We must realize that even the label/tag has to be transformed into an internal representation and so, learning involves mapping the internal representation of one thing to the internal representation of another.

This mapping between data and label is bidirectional. If a human is queried for its knowledge, assuming that it has gone through some learning process, and as a simple example the image of the cat is presented to a human and it is requested that an appropriate label be produced. The associated label, either by the visual expression on some medium like writing, making the sound “cat” or some other gesture which was tagged with the image of the cat will be produced by the humans in response. Also, when the human is presented with the tag, the human must be also able to think back about the image for which the tag or label represents.

The key to keep in mind is that at some stage in the learning process, some kind of representation about the input data is formulated, and this input data is a mapping between the item to be learnt and the tag of that item. We must also keep in mind that the specific data item, for example, the image of the cat, is just an instance of a class which consists of all cats. The process of learning, therefore, involves connecting a data item to its tag/label such that anytime either of the mapped items is requested the human would produce the other.

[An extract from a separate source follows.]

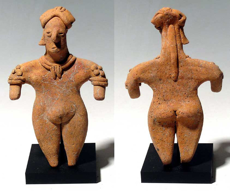 Colima Female Figure. A wonderful Colima figure from West Mexico, c. 300 BC – 300 AD. This standing female is 5-3/4” tall and is adorned with a fancy headdress, complex necklace, multiple bracelets and appliqué shoulder scarification. In excellent condition, with orange pigment, good root marks and mineral deposits. Ex Arnold estate. Value range $250 - $350.

Machine learning systems with some plumbing are also able to return the image of something when the label of that thing is requested. Although most image recognition systems are designed to store knowledge in a single direction from item to label, a human learns a bidirectional relationship from the very start.

When teaching children about things in the world we usually point at something, usually an image, and say that is a dog. We point at another and say that is a tree, a house etc. Although the data is not explicitly supplied as a mapping, pointing out these items in the environment is no different from supplying a system with mapped training data from the outside like we do in supervised learning.

When you think of unsupervised learning the foremost thing to keep in mind is clustering of data into groups, although this is not strictly what unsupervised learning systems are about. Any system that can learn some representation of data without any labels supplied is doing some kind of unsupervised learning.

If an unsupervised system in the mind of an entity has clustered data into groups then it only needs to use its database of knowledge obtained from supervised learning to apply a tag/label to grouped data. This is actually called semi-supervised learning where a supervised learning system drives an unsupervised learning system to gain an understanding of the world very rapidly without requiring millions of pieces of tagged data.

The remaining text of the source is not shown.